Here we’ve added the site map so all pages get spidered and changed our navigation bar so that a text link is used for the home page and dynamic links for all the other pages. The diagram below shows the spider visible linking structure for our site. Humans will continue to see and use the graphical navigation bar (implemented using Javascript) while Google enters our site via the “servant’s entrance” 🙂

Google’s view of our linking structure —
notice the one-way links.
This is the link structure seen by the search engines
Human view of our linking structure — notice the two-way links.
This is the link structure seen by humans

We now have an linking structure designed esthetically for humans that is essentially invisible to Google! The site visitor sees a highly interconnected site while Google’s spider (googlebot) sees a far simpler structure. The effect this linking structure has on our home page’s PR is significantly beneficial.
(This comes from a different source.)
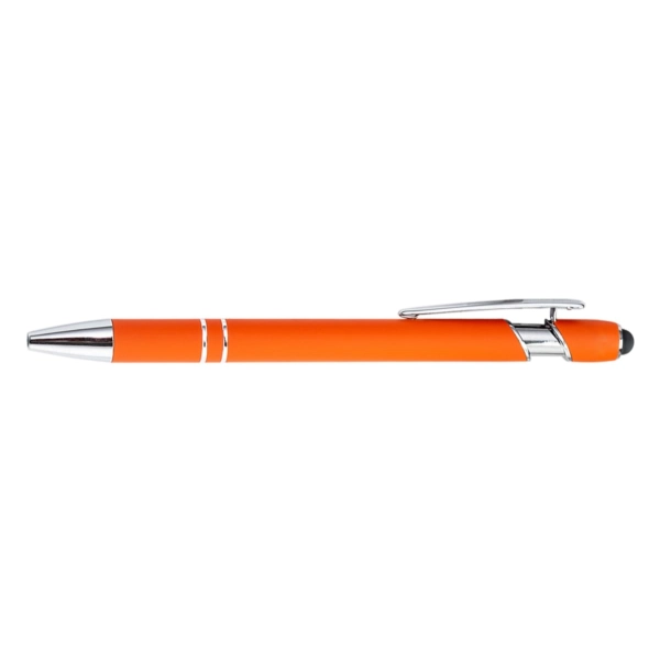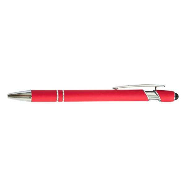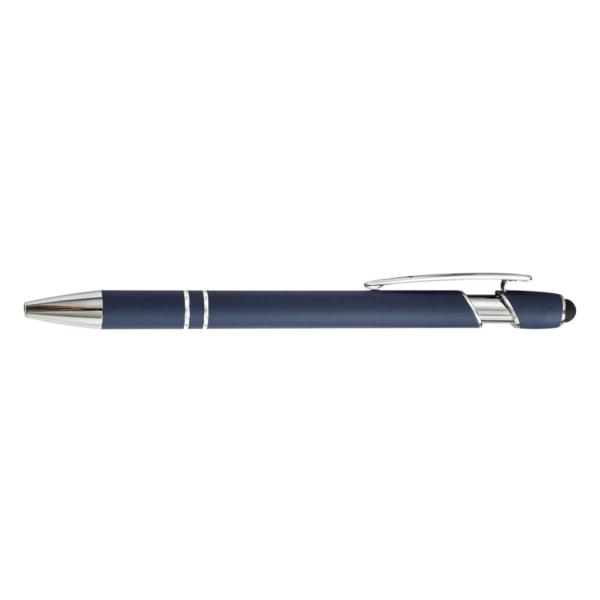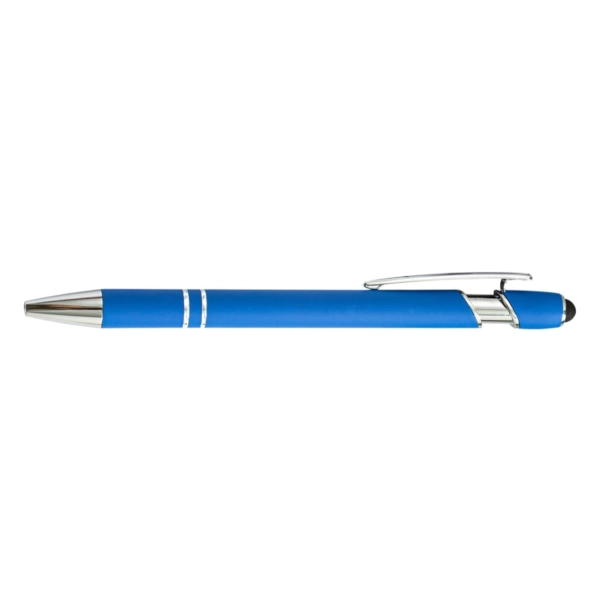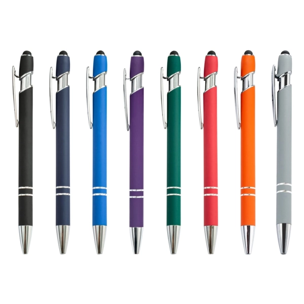 The Colombo Stylus Pen combines modern design with everyday functionality. Crafted from lightweight aluminium and finished with a premium rubber-feel barrel, it offers a smooth writing experience with black ink and the added convenience of a touchscreen stylus. Ideal for the office, events, or on the move, it’s a stylish and practical promotional item available in 8 stock colours – ready to highlight your brand.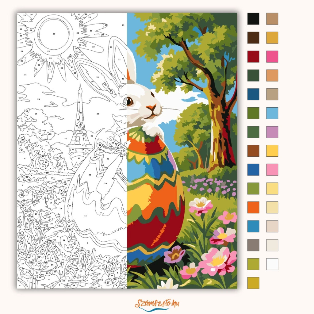 A képen egy fehér nyuszi bújik elő egy nagy, színes húsvéti tojás mögül egy virágos parkban. A háttérben az Eiffel-torony látszik, felette ragyogó nappali égbolttal. Vidám, tavaszi hangulatú jelenet élénk, meleg színekkel. Engedd szabadjára a kreativitásodat, és alkoss egy különleges műalkotást, amely otthonod dísze lehet de egyedi ajándékként is kiváló. A számfestő készletben minden szükséges eszközt megtalálsz a tökéletes végeredményhez.

Our home page should have a PR some 6 times as large as the PR of our internal pages (stated in linear units, not “Google Toolbar” units, but again, the precise values are relative rather than specific).

Precision Guided Linking

Using the right kind of linking, we can provide a rich user experience while also controlling reputation by guiding the engines toward those pages we want them to consider as “most important” without resorting to the “equal page linking” approach that has been favored in the past.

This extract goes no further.